### Problem details
In the records below, the lines between the one holding "The Evolution R255TBL" and the one holding "廣東省激光行業(yè)協(x", inclusive, are to be transcribed exactly; no pictures are to be included.

### Recorded information

※ ※ ※

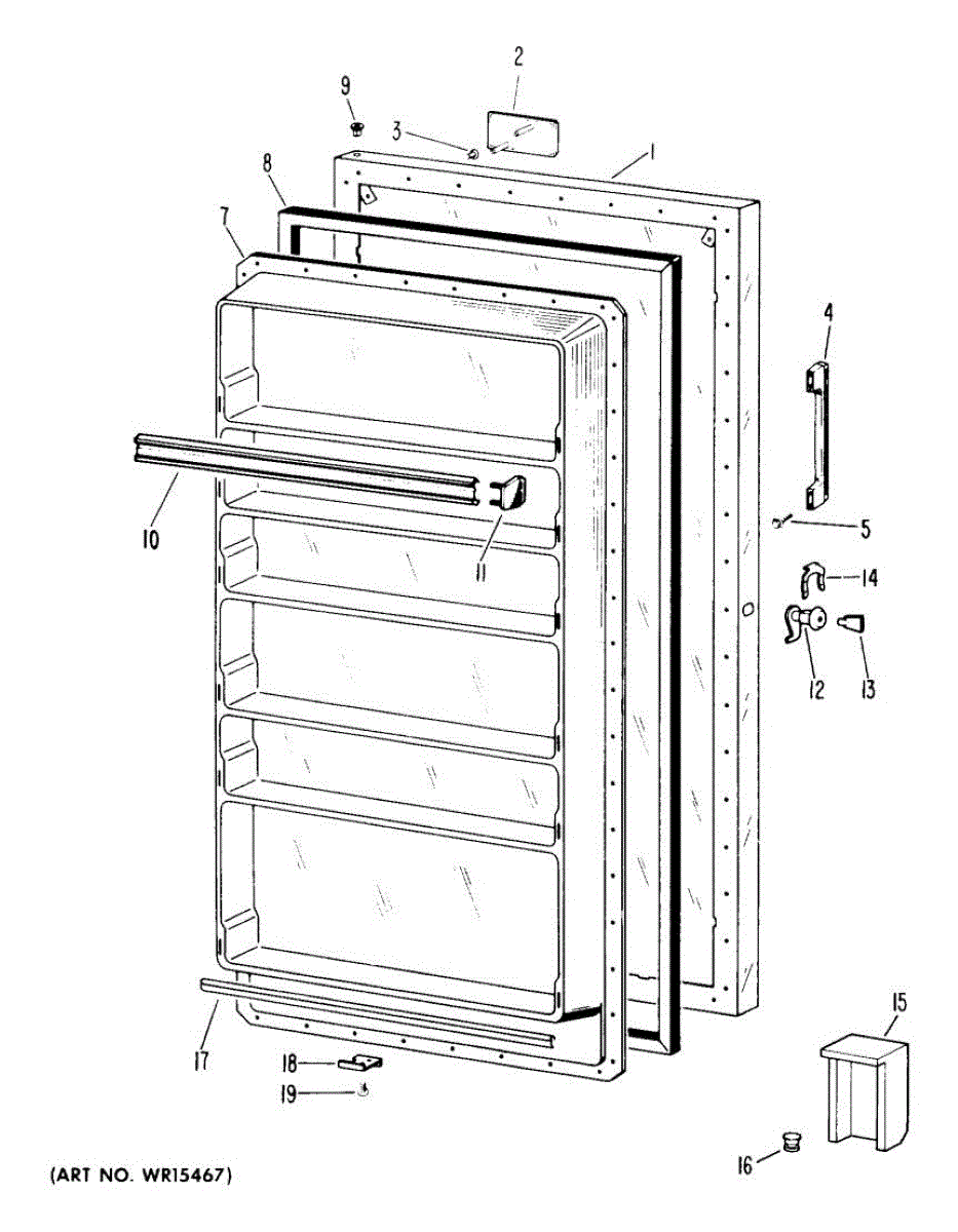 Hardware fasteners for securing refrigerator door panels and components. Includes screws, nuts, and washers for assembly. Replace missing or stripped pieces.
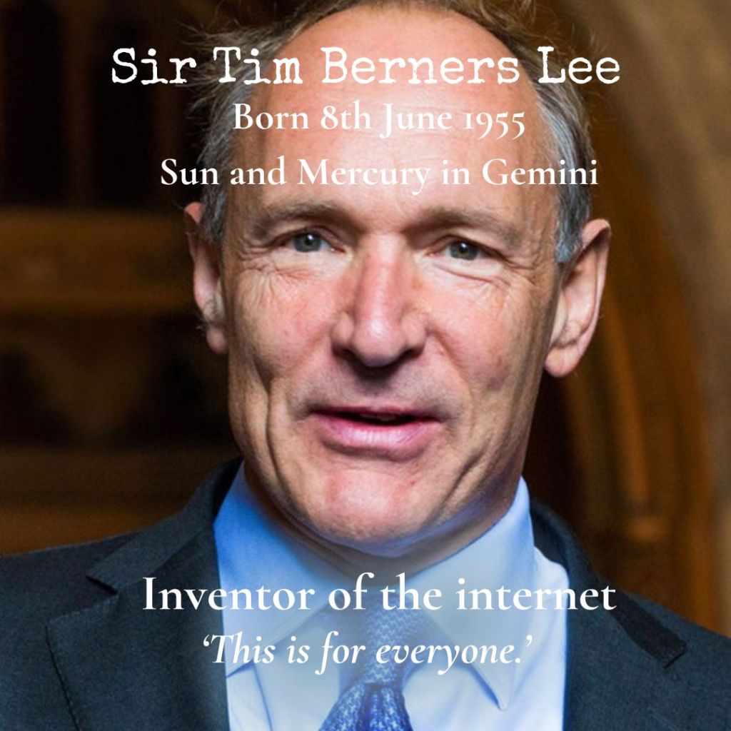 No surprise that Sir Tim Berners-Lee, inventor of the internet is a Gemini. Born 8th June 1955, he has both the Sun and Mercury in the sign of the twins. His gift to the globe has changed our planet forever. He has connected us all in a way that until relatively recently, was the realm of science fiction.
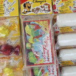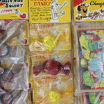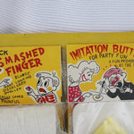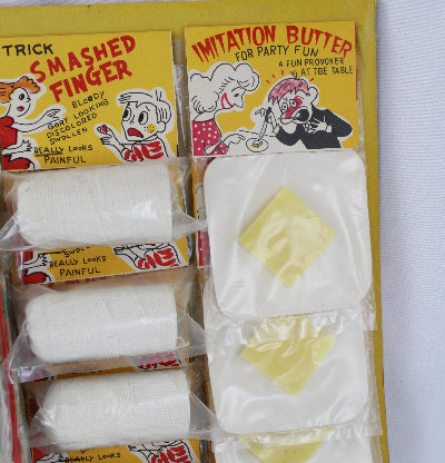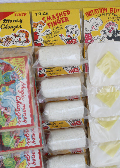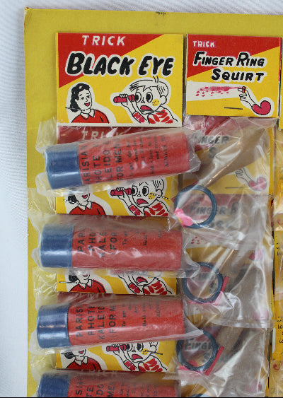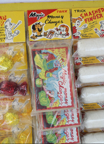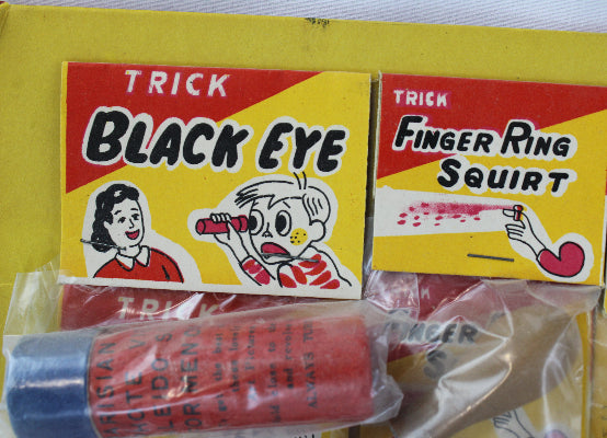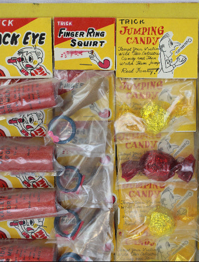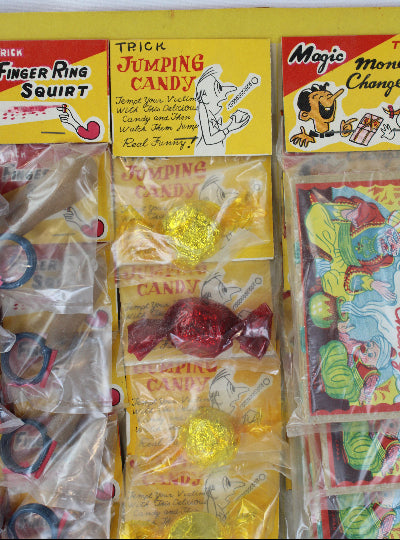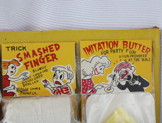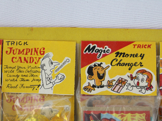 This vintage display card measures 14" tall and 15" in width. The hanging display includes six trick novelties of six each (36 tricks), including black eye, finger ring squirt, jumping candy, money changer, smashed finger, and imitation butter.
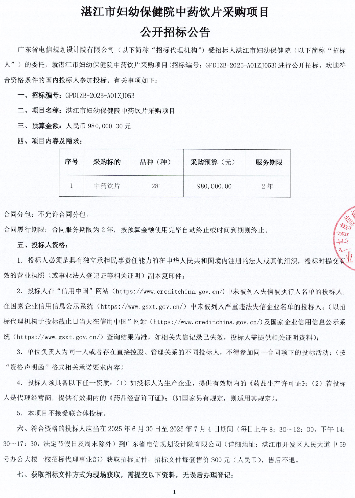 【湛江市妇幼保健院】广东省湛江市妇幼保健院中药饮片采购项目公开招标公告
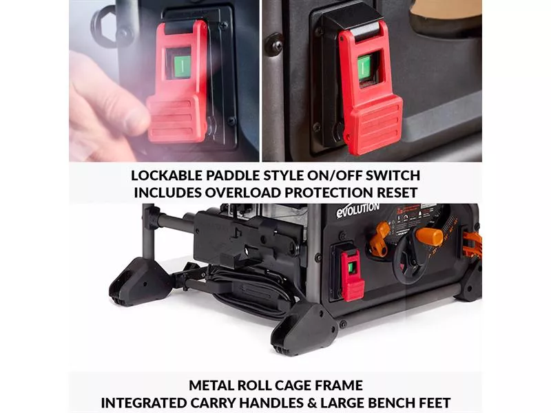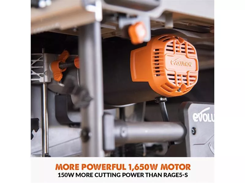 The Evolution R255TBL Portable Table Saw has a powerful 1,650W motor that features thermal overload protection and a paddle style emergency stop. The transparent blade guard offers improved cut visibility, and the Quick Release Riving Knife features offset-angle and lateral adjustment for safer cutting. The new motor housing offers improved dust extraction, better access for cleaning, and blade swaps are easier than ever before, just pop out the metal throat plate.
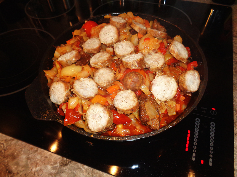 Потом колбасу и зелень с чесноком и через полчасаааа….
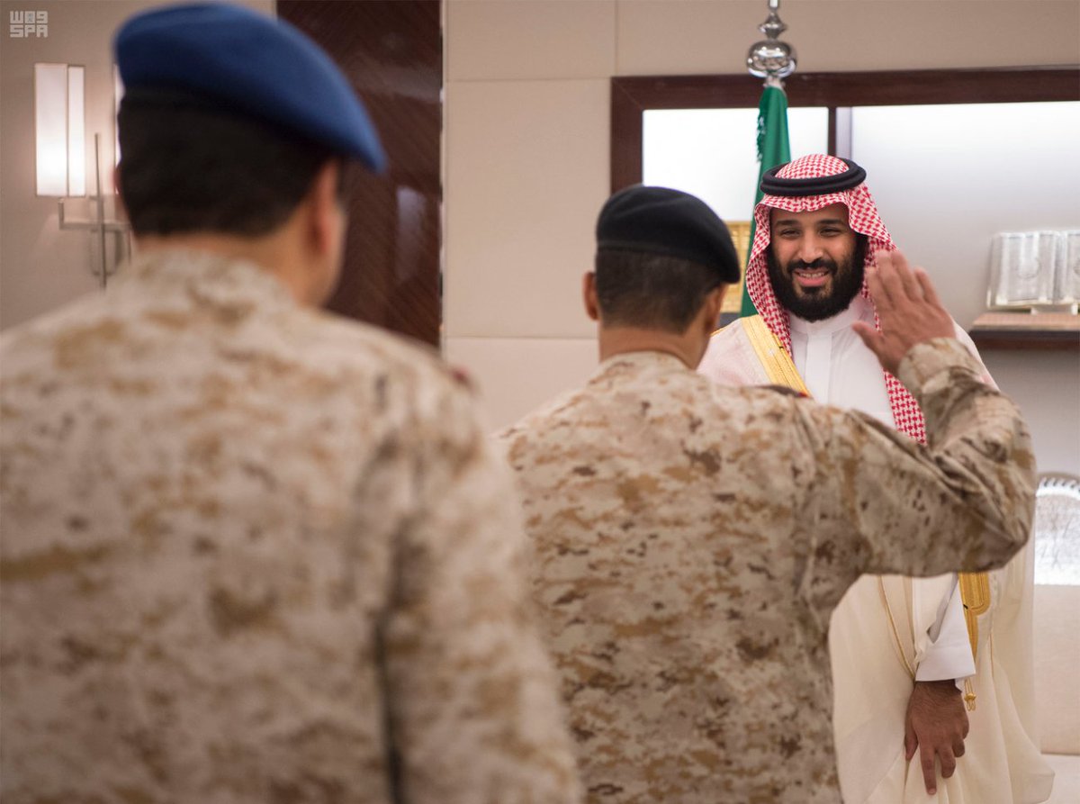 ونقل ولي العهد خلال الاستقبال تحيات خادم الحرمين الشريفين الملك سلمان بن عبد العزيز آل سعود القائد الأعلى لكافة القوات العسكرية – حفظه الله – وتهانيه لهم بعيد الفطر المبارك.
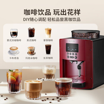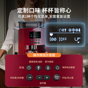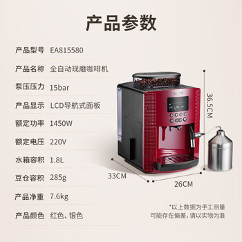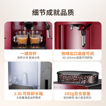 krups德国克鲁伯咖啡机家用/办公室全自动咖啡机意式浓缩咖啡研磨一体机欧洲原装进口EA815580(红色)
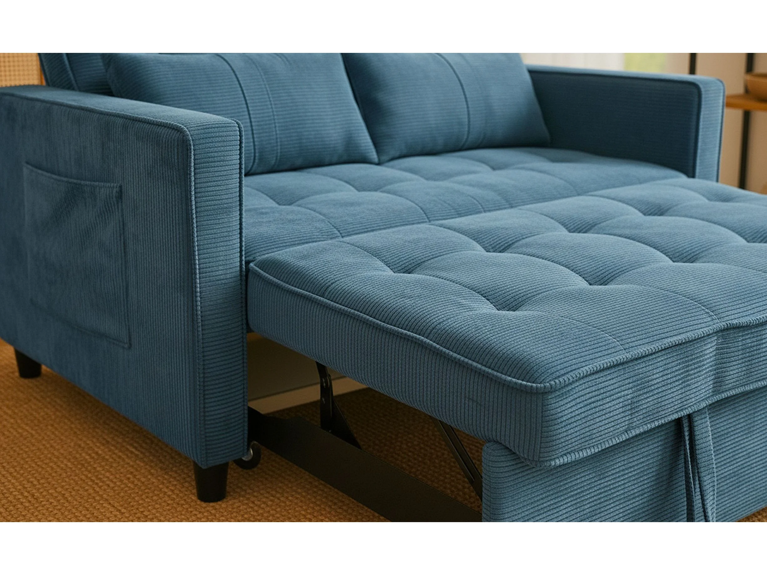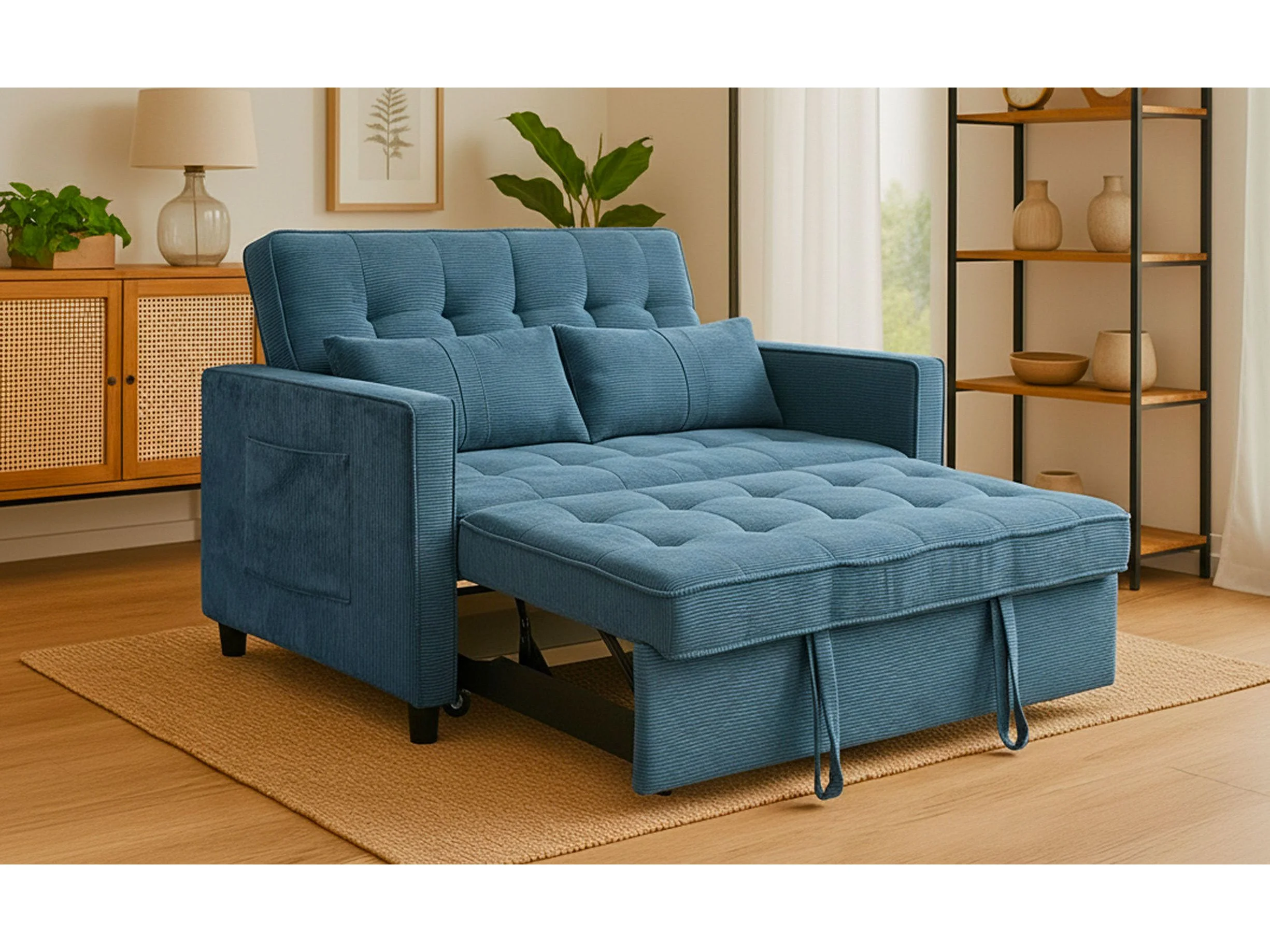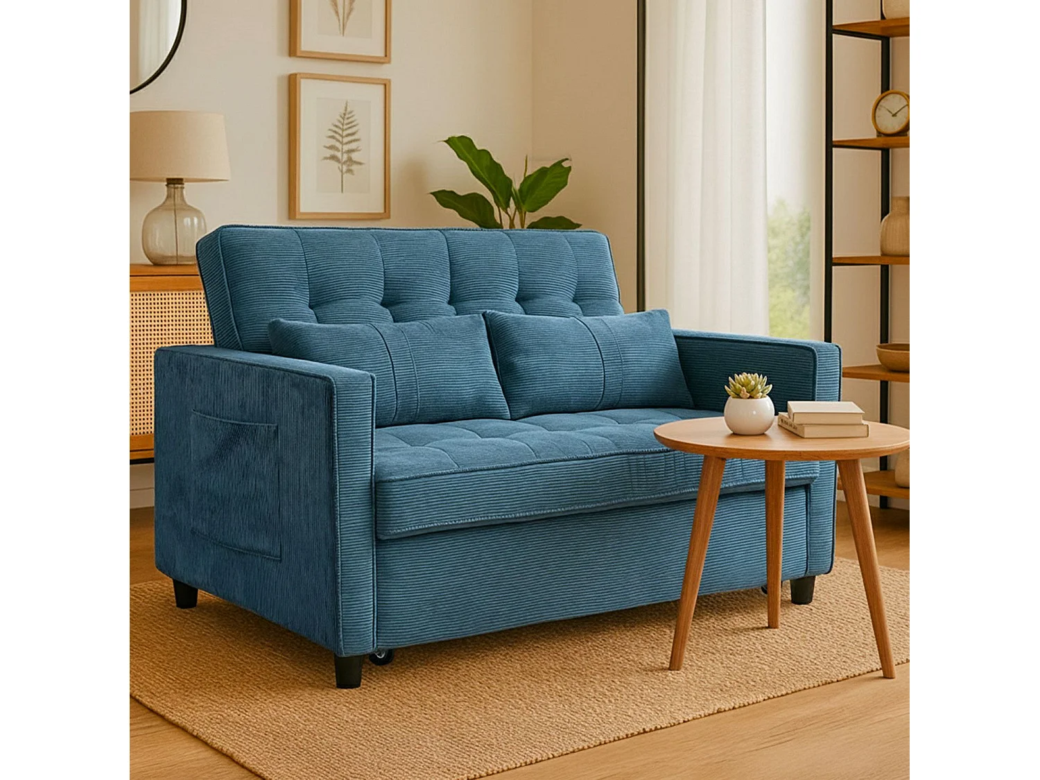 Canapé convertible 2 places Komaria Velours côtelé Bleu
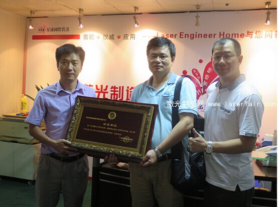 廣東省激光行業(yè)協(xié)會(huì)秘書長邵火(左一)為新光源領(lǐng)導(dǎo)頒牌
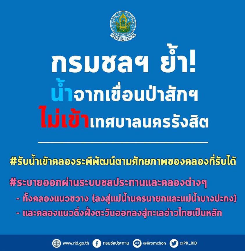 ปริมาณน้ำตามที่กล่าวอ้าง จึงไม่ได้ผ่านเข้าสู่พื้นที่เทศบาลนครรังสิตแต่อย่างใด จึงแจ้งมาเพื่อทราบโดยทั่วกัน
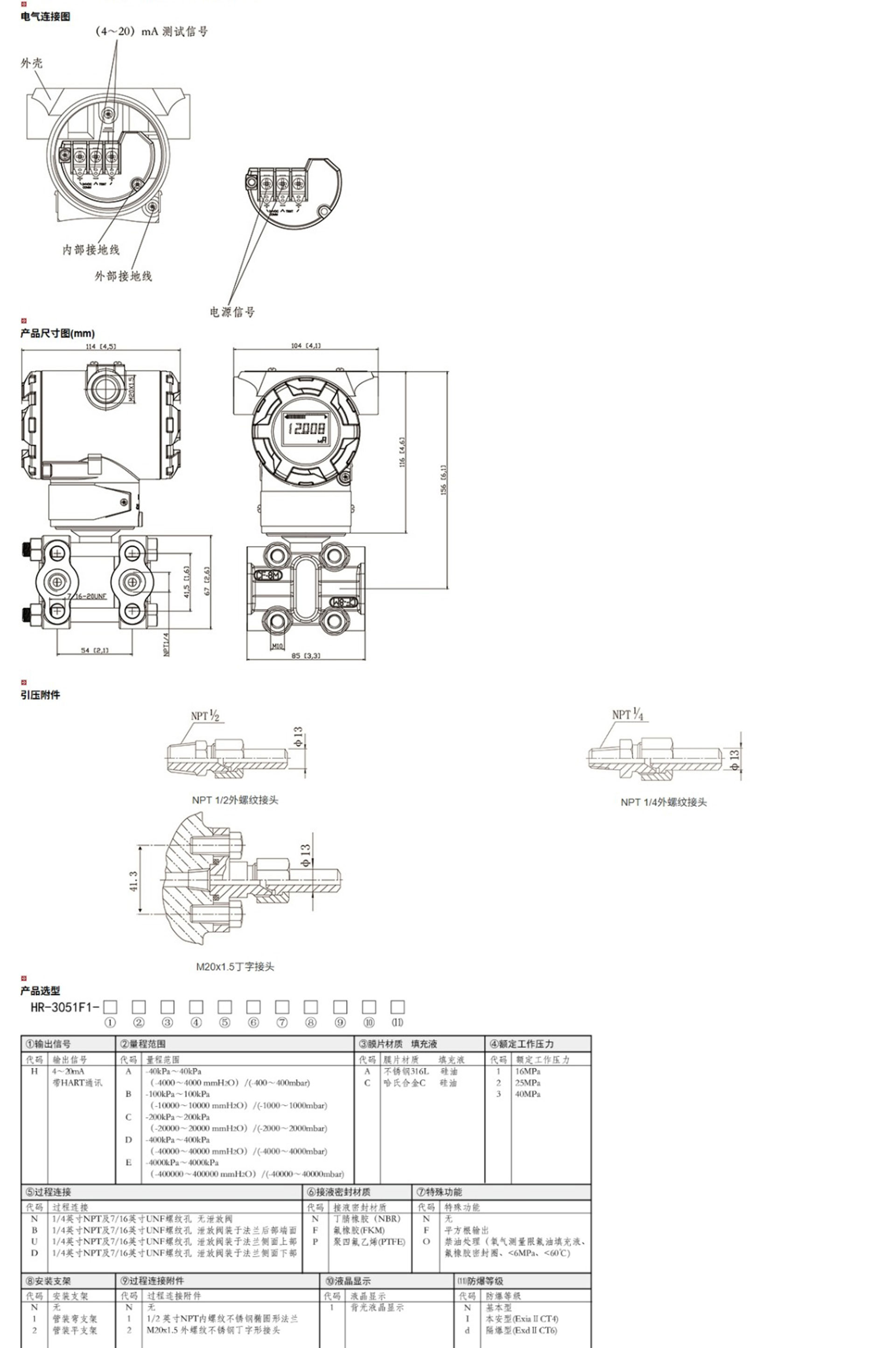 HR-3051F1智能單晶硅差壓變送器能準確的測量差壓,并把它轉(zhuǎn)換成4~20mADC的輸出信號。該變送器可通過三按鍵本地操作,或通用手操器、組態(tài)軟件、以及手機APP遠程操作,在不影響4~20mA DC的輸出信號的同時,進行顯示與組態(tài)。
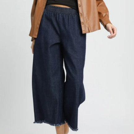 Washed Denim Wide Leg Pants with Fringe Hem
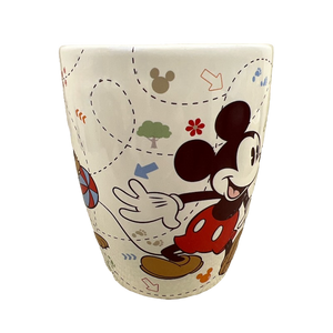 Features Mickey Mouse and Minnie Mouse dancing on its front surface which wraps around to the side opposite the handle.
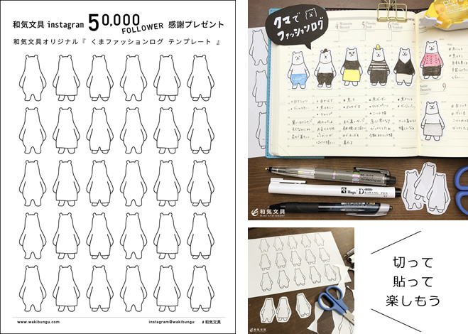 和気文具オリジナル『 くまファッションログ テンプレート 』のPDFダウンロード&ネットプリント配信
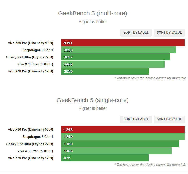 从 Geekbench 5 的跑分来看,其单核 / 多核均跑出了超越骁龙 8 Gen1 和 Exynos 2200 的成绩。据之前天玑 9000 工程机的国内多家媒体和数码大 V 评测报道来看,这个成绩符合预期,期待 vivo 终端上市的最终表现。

※ ※ ※

### Answer space
 The Evolution R255TBL Portable Table Saw has a powerful 1,650W motor that features thermal overload protection and a paddle style emergency stop. The transparent blade guard offers improved cut visibility, and the Quick Release Riving Knife features offset-angle and lateral adjustment for safer cutting. The new motor housing offers improved dust extraction, better access for cleaning, and blade swaps are easier than ever before, just pop out the metal throat plate.
 Потом колбасу и зелень с чесноком и через полчасаааа….
 ونقل ولي العهد خلال الاستقبال تحيات خادم الحرمين الشريفين الملك سلمان بن عبد العزيز آل سعود القائد الأعلى لكافة القوات العسكرية – حفظه الله – وتهانيه لهم بعيد الفطر المبارك.
 krups德国克鲁伯咖啡机家用/办公室全自动咖啡机意式浓缩咖啡研磨一体机欧洲原装进口EA815580(红色)
 Canapé convertible 2 places Komaria Velours côtelé Bleu
 廣東省激光行業(yè)協(xié)會(huì)秘書長邵火(左一)為新光源領(lǐng)導(dǎo)頒牌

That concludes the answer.